School of Chemistry and Biosciences, University of Bradford, Richmond Road, BD7 1DP, Bradford, UK.
Université Paris-Saclay, CNRS, Institut Galien Paris-Saclay, 5, rue J.-B. Clément, 92296, Châtenay-Malabry, France.
Chembiochem. 2022 May 18;23(10):e202100641. doi: 10.1002/cbic.202100641. Epub 2022 Jan 27.

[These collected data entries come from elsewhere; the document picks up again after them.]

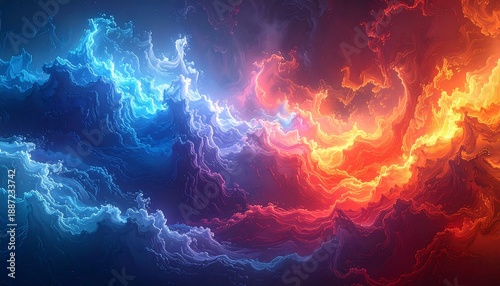 Fiery and Icy Nebula Cloudscape - A Cosmic Dance of Light and Color.
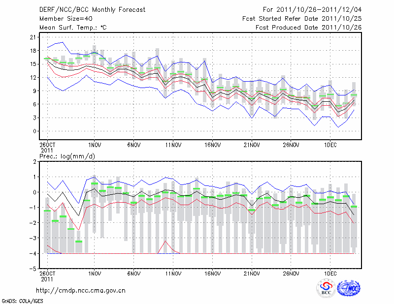 合 肥 (LAT:31.87 LON:117.23) 2011-10-26        预测
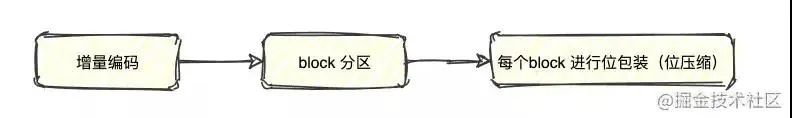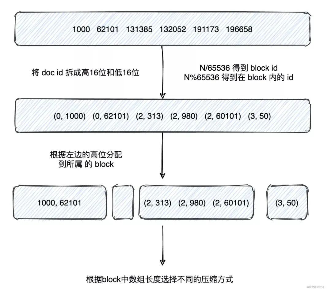 会把所有的文档分成很多个 block,每个 block 正好包含 256 个文档,然后单独对每个文档进行增量编码,计算出存储这个 block 里面所有文档最多需要多少位来保存每个 id,并且把这个位数作为头信息(header)放在每个 block 的前面。

Excessive cellular oxidative stress is widely perceived as a key factor in pathophysiological conditions and cancer development. Healthy cells use several mechanisms to maintain intracellular levels of reactive oxygen species (ROS) and overall redox homeostasis to avoid damage to DNA, proteins, and lipids. Cancer cells, in contrast, exhibit elevated ROS levels and upregulated protective antioxidant pathways. Counterintuitively, such elevated oxidative stress and enhanced antioxidant defence mechanisms in cancer cells provide a therapeutic opportunity for the development of drugs with different anticancer mechanisms of action (MoA). In this review, oxidative stress and the role of ROS in cells are described. The tumour-suppressive and tumour-promotive functions of ROS are discussed, and these two different therapeutic strategies (increasing or decreasing ROS to fight cancer) are compared. Clinically approved drugs with demonstrated oxidative stress anticancer MoAs are highlighted followed by description of examples of metal-based anticancer drug candidates causing oxidative stress in cancer cells via novel MoAs.
细胞内过度的氧化应激被广泛认为是病理生理状态和癌症发展的关键因素。健康细胞利用多种机制来维持细胞内活性氧(ROS)的水平和整体氧化还原平衡,以避免 DNA、蛋白质和脂质受损。相比之下,癌细胞表现出升高的 ROS 水平和上调的保护性抗氧化途径。矛盾的是,癌细胞中这种升高的氧化应激和增强的抗氧化防御机制为开发具有不同作用机制(MoA)的抗癌药物提供了治疗机会。在这篇综述中,描述了氧化应激和 ROS 在细胞中的作用。讨论了 ROS 在肿瘤抑制和促进中的作用,并比较了这两种不同的治疗策略(增加或减少 ROS 以对抗癌症)。重点介绍了具有已证实的氧化应激抗癌 MoA 的临床批准药物,随后描述了通过新型 MoA 在癌细胞中引起氧化应激的基于金属的候选抗癌药物的实例。